> _YOUR GOAL_
Beneath this task are the entries; from the line with "ボーダー柄のロング丈トップス。" through the last one, transcribe every line exactly and nothing else, skipping pictures.

> _DATA SHOWN_

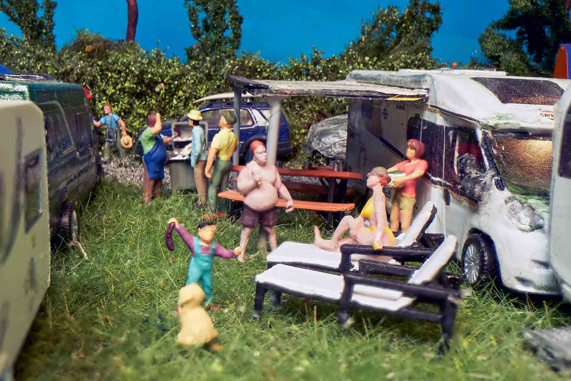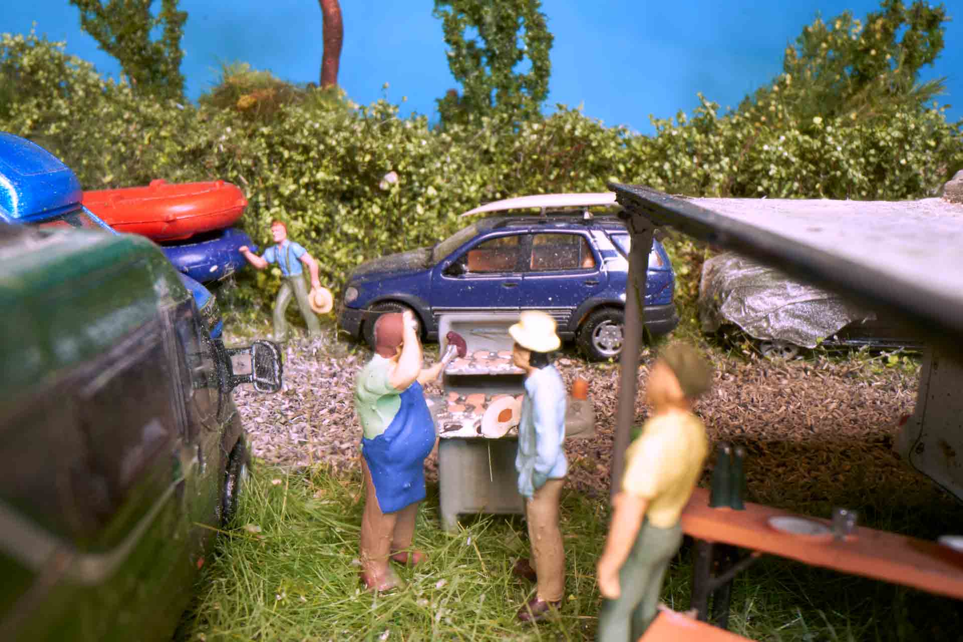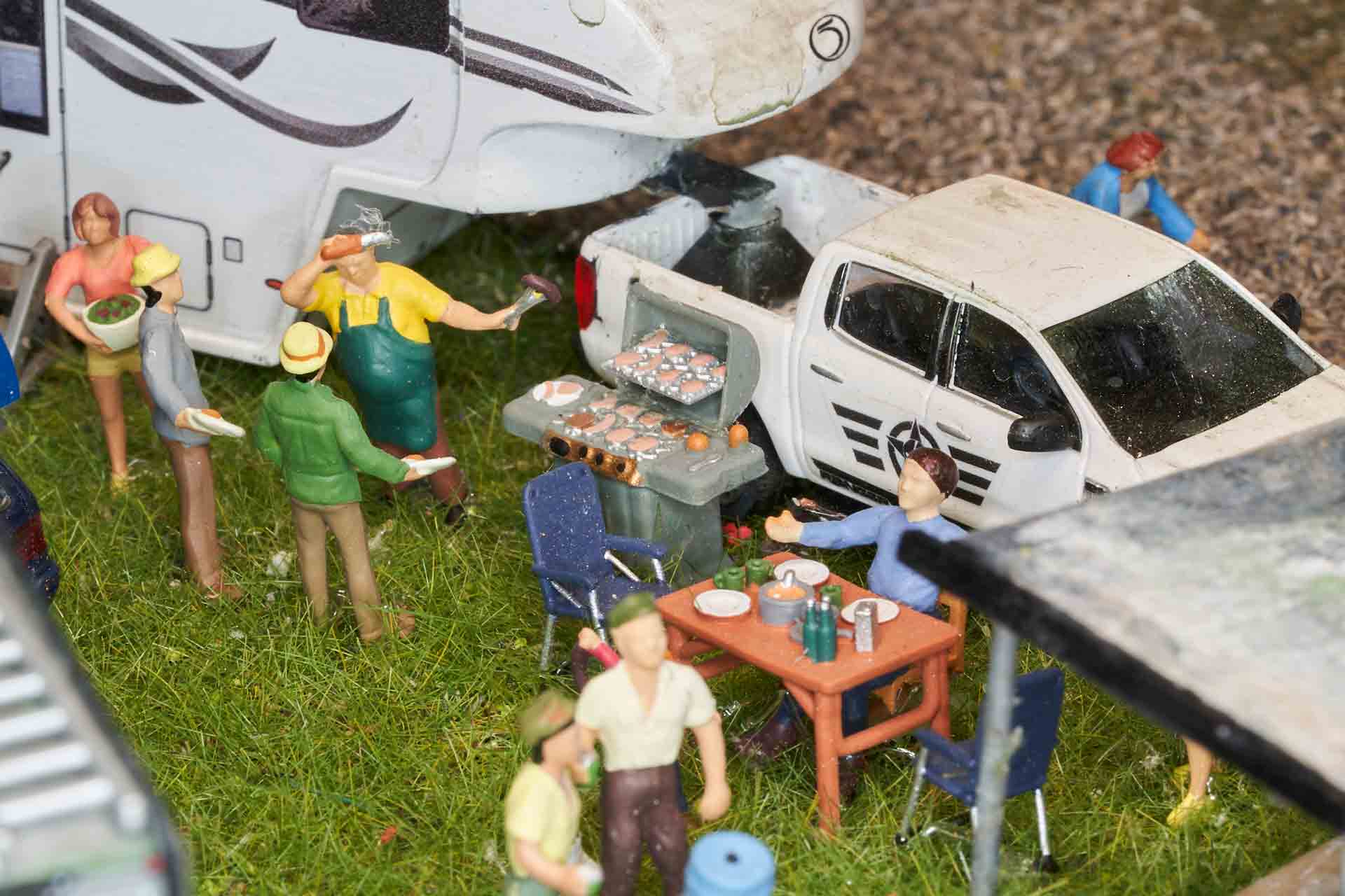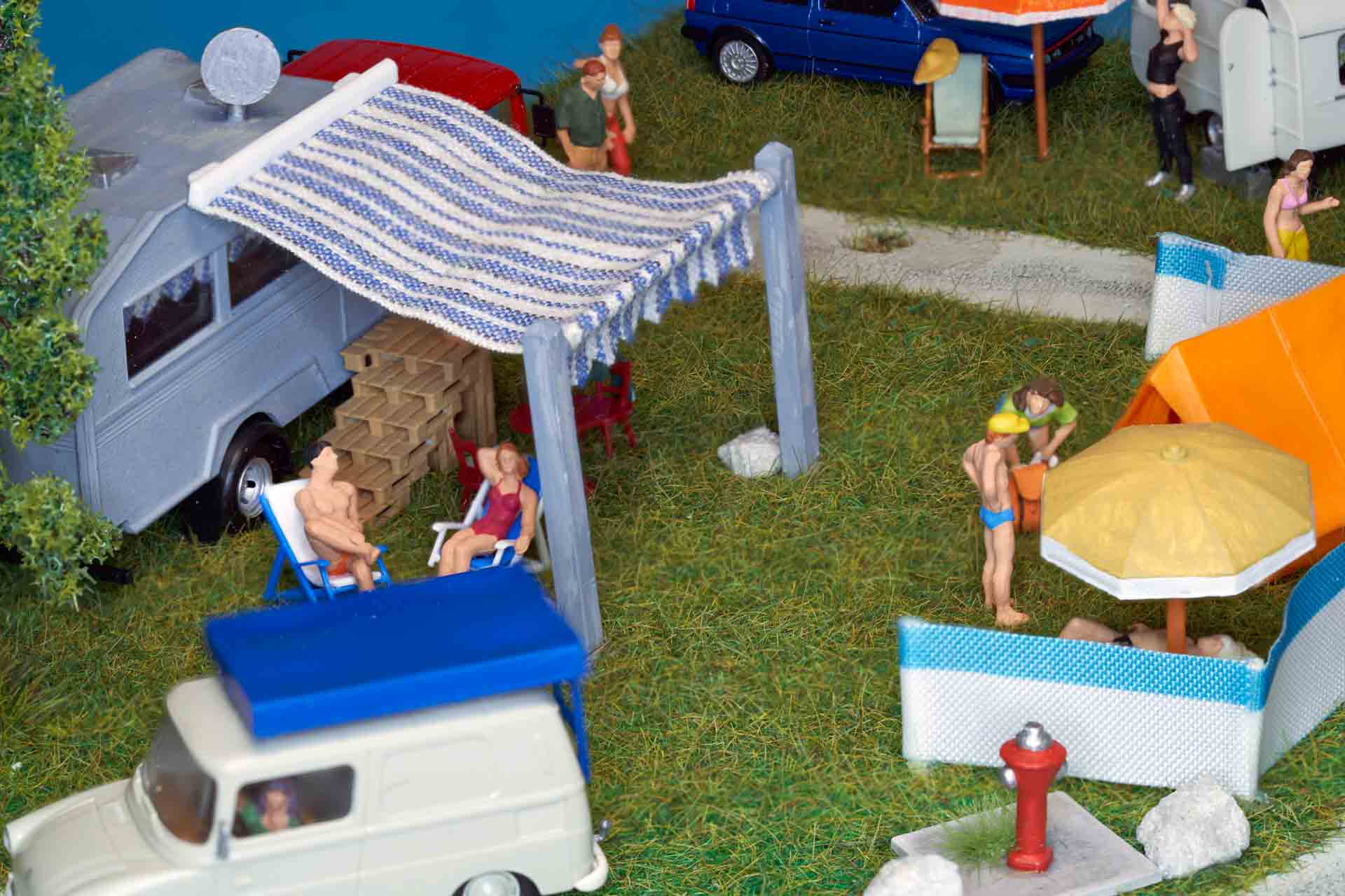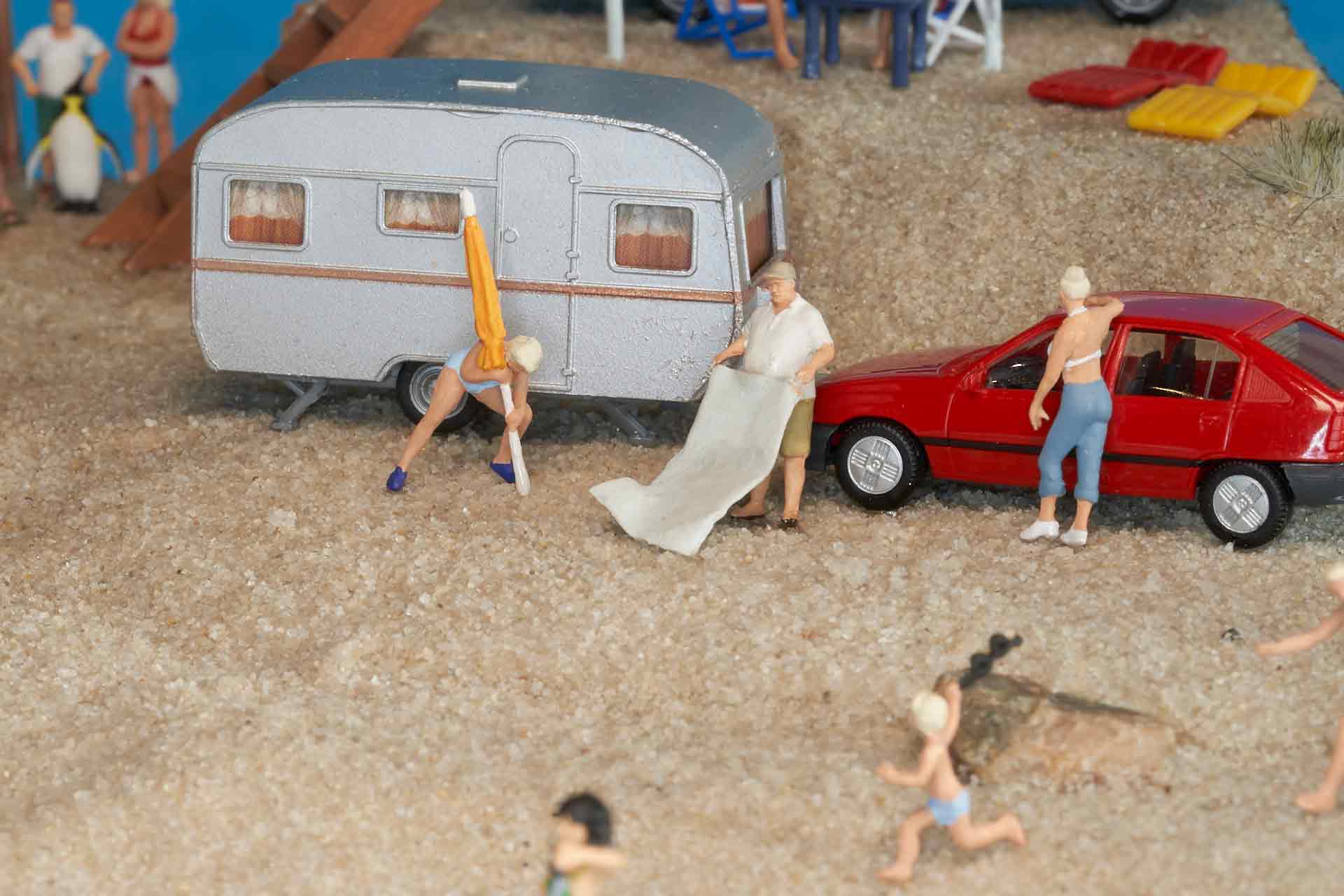 Each participant had their own vision of a camping scene, meaning there were very different and interesting details to find: from an ice cream van to a snack bar with bar tables, a sandpit for the children, a brick barbecue area, and a shower block, it was a broad overview. But there were usually campers to be seen barbecuing right next to their motorhomes or caravans and getting together in a cozy atmosphere. Have fun studying the pictures and discovering the many details.
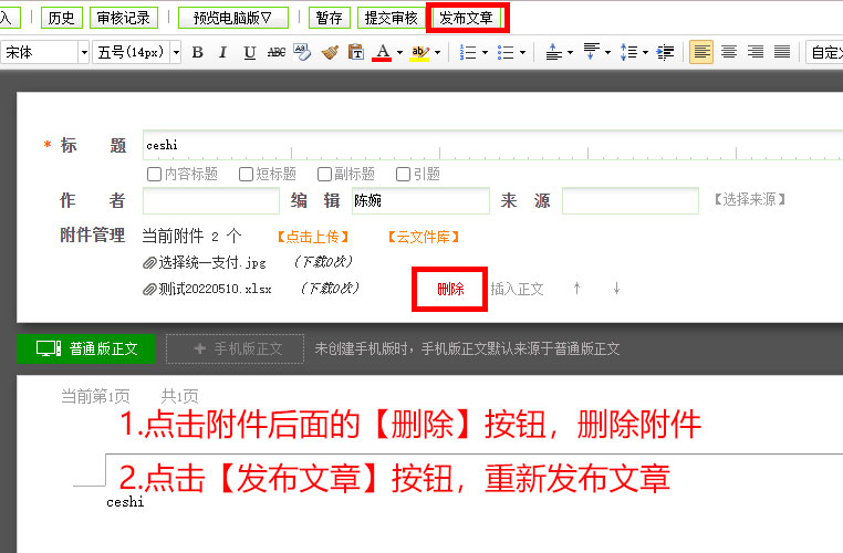3.确认编辑页面中附件管理一栏现有的附件内容,无误后,点击【发布文章】,重新发布文章。
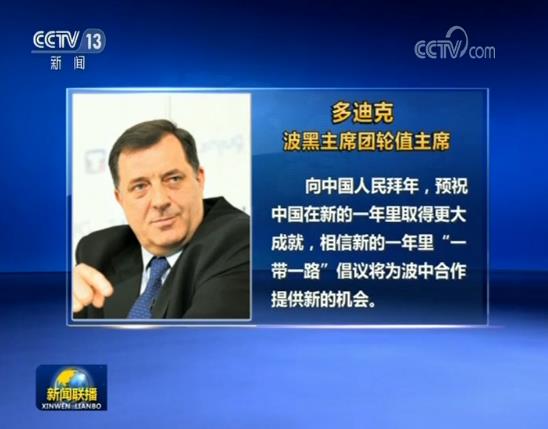 波黑主席团轮值主席多迪克向中国人民拜年,预祝中国在新的一年里取得更大成就,相信新的一年里“一带一路”倡议将为波中合作提供新的机会。
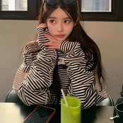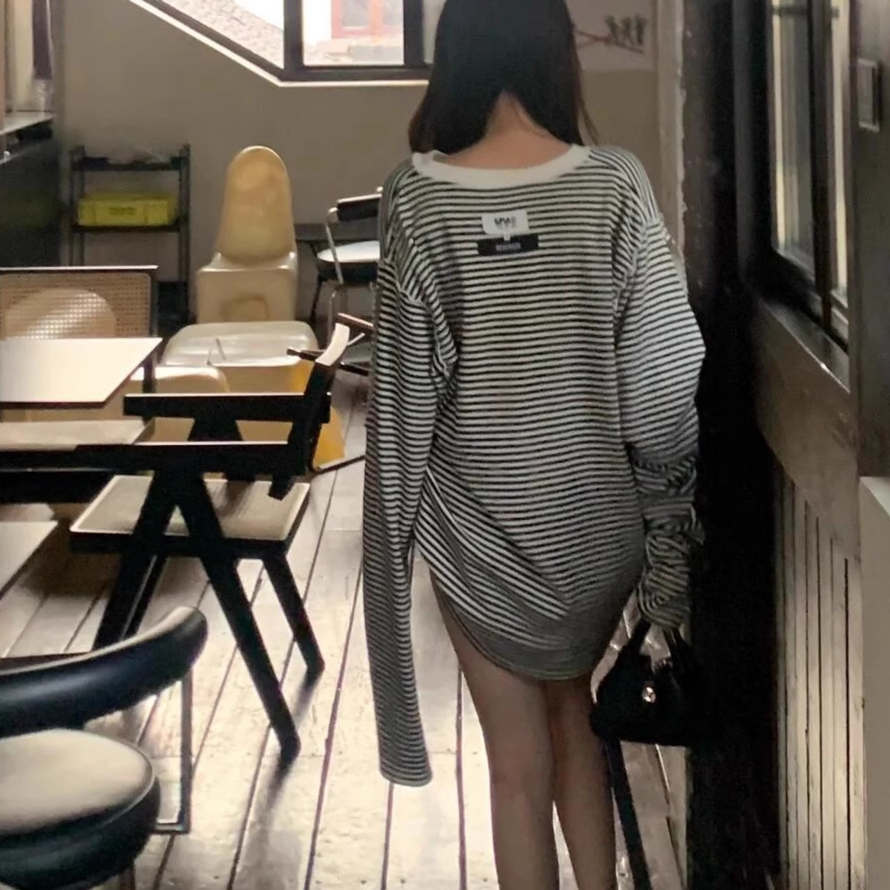 ボーダー柄のロング丈トップス。
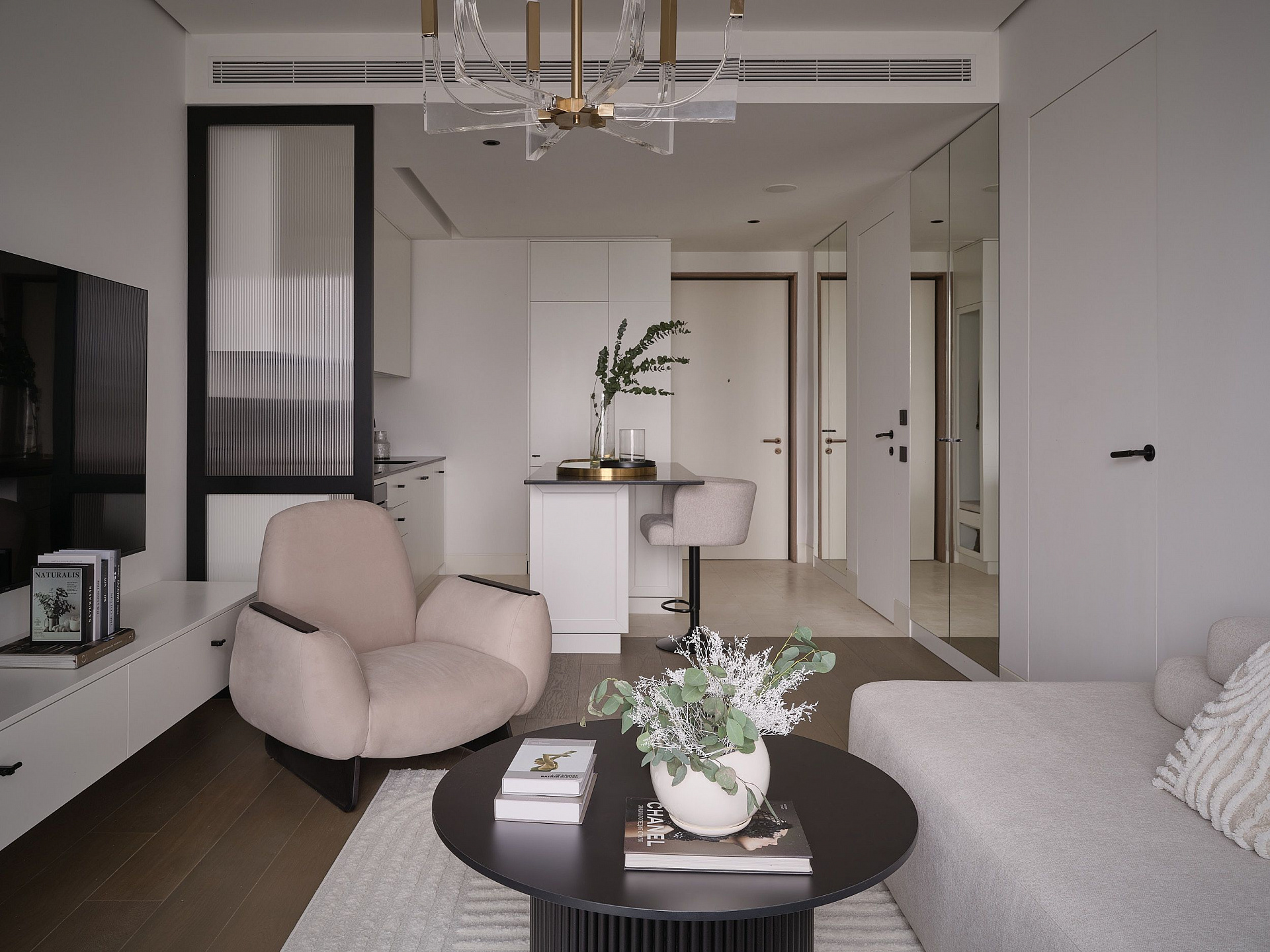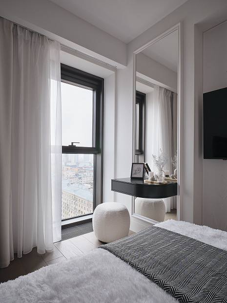 Квартира в светлых тонах с контрастными яркими акцентами. Владельцы купили ее под сдачу в аренду, поэтому задача была создать стильное уютное жилье отельного типа.
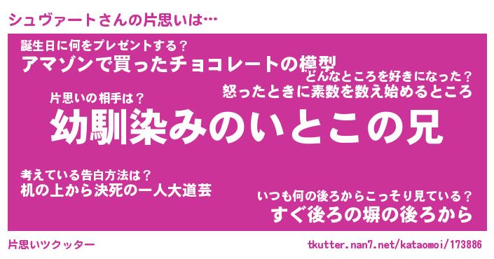 | 男性向けラノベタイトル風あだ名 | 『シュヴァートの憂鬱』 |

> _SOLUTION TO THIS EXERCISE_
 ボーダー柄のロング丈トップス。
 Квартира в светлых тонах с контрастными яркими акцентами. Владельцы купили ее под сдачу в аренду, поэтому задача была создать стильное уютное жилье отельного типа.
 | 男性向けラノベタイトル風あだ名 | 『シュヴァートの憂鬱』 |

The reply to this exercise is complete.